The San Francisco YMCA is kicking off a new program this summer, Empowerment to Employment — E2E. The program aims to create inroads to sustainable employment for at-risk San Francisco youth, ages 18-24. Job opportunities will include positions in construction, nonprofit support, after school and social services support and hospitality.
The idea for this program began several years ago during a discussion between the Senior Executive Director, Evelyn Daskalakis, and Mark Bley, CEO of Dome Construction. Mark has been mentoring youth for more than 20 years and has remained in contact with one of the first boys he met through the YMCA mentoring program. Mark says, “he had a rough life,” but he thrived as a team member of Dome Construction. Mark recalls how the community at Dome Construction gave his mentee a solid support system when his family was touched by gang violence allowing him to avoid the dark path that many of his family members found themselves on after the violence. After years of mentoring, Mark recognized the need to help youth transition into adulthood. The lack of programs for youth making that transition was already on Evelyn’s mind and the two began to create the framework for what would eventually become E2E.

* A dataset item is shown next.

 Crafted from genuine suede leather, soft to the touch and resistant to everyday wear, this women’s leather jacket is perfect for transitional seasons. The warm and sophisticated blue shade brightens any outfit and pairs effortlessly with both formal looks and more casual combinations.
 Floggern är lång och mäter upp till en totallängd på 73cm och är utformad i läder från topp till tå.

Officially, E2E began to take shape in February with the hiring of Jennifer Salerno as the program director. Jennifer, raised by a single parent with a 9th grade education, grew up in the Bay Area and says she likes to think of E2E as a “program for at-risk youth, designed by former at-risk youth.” The team also includes Employment Specialist, Kalen Cornelious. A number of local employers, including Dome Construction, Golden State Lumber, Excelsior Family Connections and Mixt have also signed up to support the program by offering job placements for participants of E2E.

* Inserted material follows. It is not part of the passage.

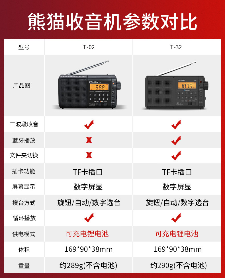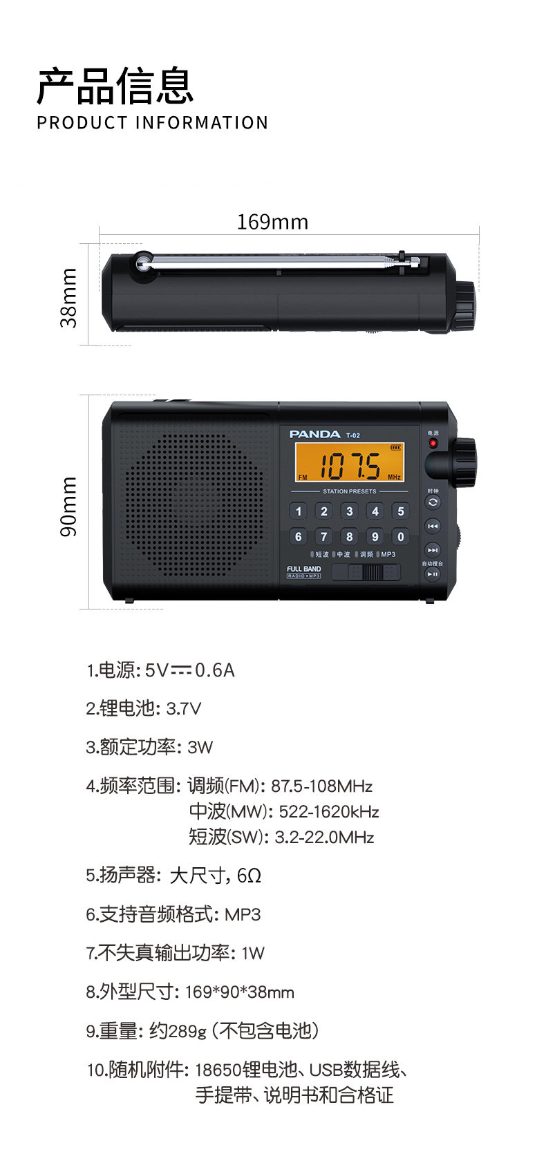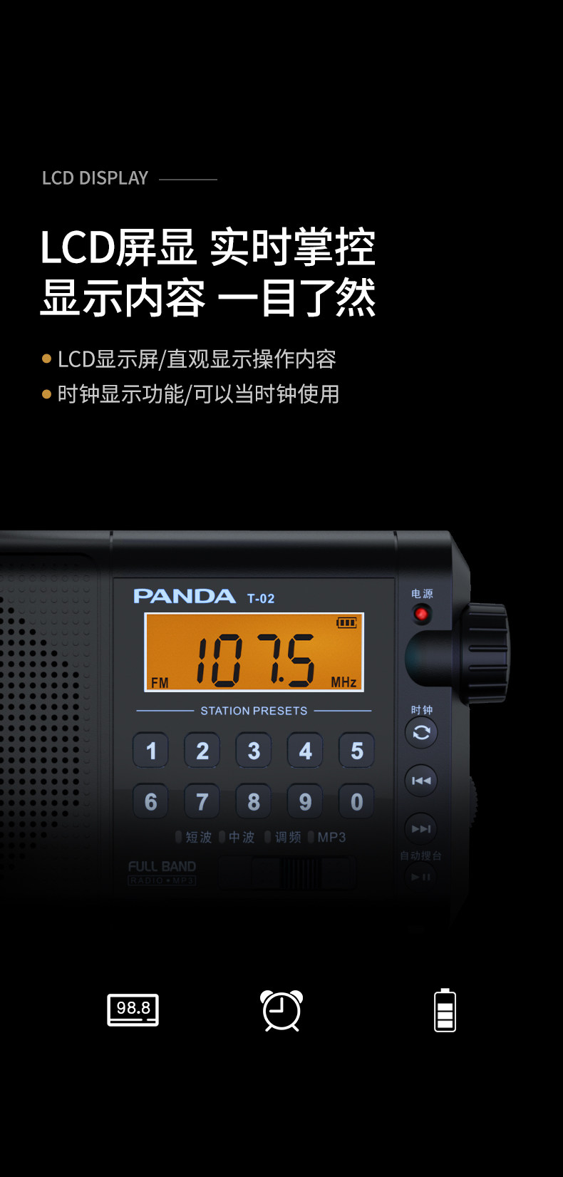Panda T02 New Full-Band Radio for the Elderly, Multifunctional Broadcast Semiconductor Radio for Seniors, Rechargeable 774

The program will include one group of 15 youths this summer, with the cohort beginning on July 11. There are plans for two groups to participate next summer, with E2E growing into a year-round service in the next few years.
The program offers three forms of support to participants: comprehensive employment training, professional mentorship and job placement. After completing an interview process and being accepted into the program, participants complete 6 weeks of professional development training. This requires attendance to 2 training sessions per week lasting 2 hours. Training will focus on the development of soft skills, self-empowerment and how to maintain long-term employment. Once this training is complete participants will be given a $400 stipend.

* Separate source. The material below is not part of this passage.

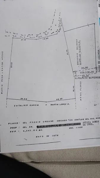 Terreno de 3,347.50 m2 , en calle Allende, Colonia Centro, Poblado Coatlán del Río, Morelos. Con todos los servicios; agua potable, energía eléctrica, alumbrado público, banquetas, pavimento de concreto. Uso de suelo habitacional. Cuenta con una casita de 141.570 m2 de 2 niveles. Tiene huerta con varios árboles frutales; chicozapote, mangos, mamey plátanos.

After training is complete, participant’s head to work. During the interview process the interests and overall career goals of the youth are discussed. Placements will be based on those career goals. Each youth will be placed in a job for a minimum of six months, some positions last up to 10 months. They are expected to work 20-24 hours per week and will earn a minimum of $14 an hour.
During the first six weeks of employment, participants are required to attend weekly professional support meetings. The model for this program is support. The program aims to “create pathways to sustainable employment, teach the skills needed to succeed in the immediate placement and beyond,” says Jennifer. Trainings will help to develop soft skills, but basic necessities of employment, such as transportation, resume development and appropriate clothing, will be offered as well.
Mark, as CEO of Dome Construction is supporting the program through the first summer in order to “get this thing off the ground.” He believes that this program will offer participants “exposure to what it takes to become successful.” He is not only offering financial support to the program, he also has two summer positions for E2E participants. Jennifer and the team are working to secure grants, as well as additional corporate sponsorships in order to create a financially stable and self-supported program.
A majority of the youth that will be participating in the first cohort have already been through the interview process and are preparing for the start of the program. For the first season, recruits have come largely from San Francisco high schools and other CBO’s with a similar mission statement. Recruitment will expand to City College of San Francisco in the fall. Charles White, a 2017 graduate of Ida B Wells continuation school, is looking forward to participating. After taking part in after school programs sponsored by YMCA throughout much of his life, he hopes his time with E2E will be “a new learning experience, something I can take with me” while working towards his ultimate career goal of becoming a child therapist. As part of E2E, Charles will share his newly acquired skills as an employee of the San Francisco YMCA after school programs. After the summer Charles will head to San Francisco City College, with plans of transferring to New York or Los Angeles to finish his degree.